Support OpenTelemetry concepts on Activity #31373

tarekgh opened this issue Nov 2, 2019 · 45 comments · Fixed by #35220
Assignees
Labels
api-approved API was approved in API review, it can be implemented area-System.Diagnostics
Milestone

Comments

@tarekgh
Copy link
Member

tarekgh commented Nov 2, 2019

This issue tracking the work as the part of the issue https://github.com/dotnet/corefx/issues/42305

Please look at dotnet/designs#98 for the detailed design.

@msftgits msftgits transferred this issue from dotnet/corefx Feb 1, 2020
@msftgits msftgits added this to the Future milestone Feb 1, 2020
@maryamariyan maryamariyan added the untriaged New issue has not been triaged by the area owner label Feb 23, 2020
@noahfalk noahfalk assigned tarekgh and unassigned noahfalk Mar 3, 2020
@noahfalk
Copy link
Member

noahfalk commented Mar 3, 2020

@tarekgh is the primary dev owner, I am actively assisting. So far design feedback has been occurring in #32660

@tarekgh tarekgh added api-needs-work API needs work before it is approved, it is NOT ready for implementation and removed enhancement Product code improvement that does NOT require public API changes/additions untriaged New issue has not been triaged by the area owner labels Mar 11, 2020
@tarekgh tarekgh modified the milestones: Future, 5.0 Mar 11, 2020
@reyang
Copy link

reyang commented Mar 12, 2020

Looks great! Thanks @tarekgh and @noahfalk!

One question related to

using (Activity foo = new Activity(...))
{
    throw new FoobarException(...);
}

If it is possible to capture the exception and associate it with the Activity?
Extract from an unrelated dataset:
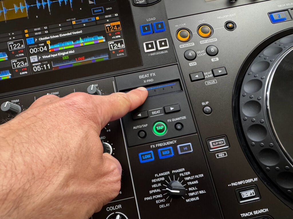 Nach dem Laden lassen sich die Songs bequem manuell oder mithilfe der Automatikfunktion beatmatchen. Dank der vielfältigen Einblendungen in den Jogwheel-Displays und auf dem Touchscreen behält man hier immer den Überblick. Dies funktioniert sowohl im Zwei- als auch im Vierdeckbetrieb, Abholfunktionen verhindern hier Parametersprünge. Schade ist allerdings, dass die Deckumschaltungen nicht farblich codiert sind und es keine großen Wellenform-Einblendungen für alle Decks im Vierdeckbetrieb gibt. Platz genug wäre ja auf dem Display und vielleicht ergänzt AlphaTheta diese Darstellung auch noch per Firmware-Update.

In OpenTelemetry Python there is such feature (although I think it is more like a question to the language/runtime rather than API) where we know if there is exception and derive status code.

@tarekgh
Copy link
Member Author

tarekgh commented Mar 12, 2020

Thanks @reyang for your review.

I don't think we can automatically capture the exception inside using block without try-catch. The user can write the code like:

using (Activity foo = Activity.StartNew(...))
{
    try
    {
        throw new FoobarException(...);
    }
    catch (Exception e)
    {
        foo?.SetCustomProperty("Exception", e);
    }
}

and if there is any listener, will get the notification in stopping the activity and then can check if the exception is set there using GetCustomProperty. I'll think if we'll have a better way to handle it.

@reyang
Copy link

reyang commented Mar 12, 2020

If developers perform exception handling in a central place (e.g. the evil global exception handler, or catching exception from top level code), is there a way for them to know what's the enclosing activity? (I guess no?)

try {
    using (var foo = new Activity("foo"))
    {
        using (var baz = new Activity("baz")
        {
            DoSomething();
        }
        DoSomething();
    }
    using (var bar = new Activity("bar"))
    {
        DoSomething();
    }
} catch (FoobarException ex) {
    log(
        ex,
        MagicalFunctionWhichReturnsTheEnclosingActivity(ex).Name, // this is hard since activity is disposed already
        MagicalFunctionWhichReturnsTheVeryContext(ex).SpanId,
    );
}

@chandramouleswaran
Copy link
Contributor

Can you also share the examples for creating an Activity from a parent activity ID only? Specifically around async workflows.

There are lots of use cases for us where we might spawn off an async task while the sync portion of the API needs to resume back in existing Activity context. In that case, we would still want to link the async task's activity to the API activity.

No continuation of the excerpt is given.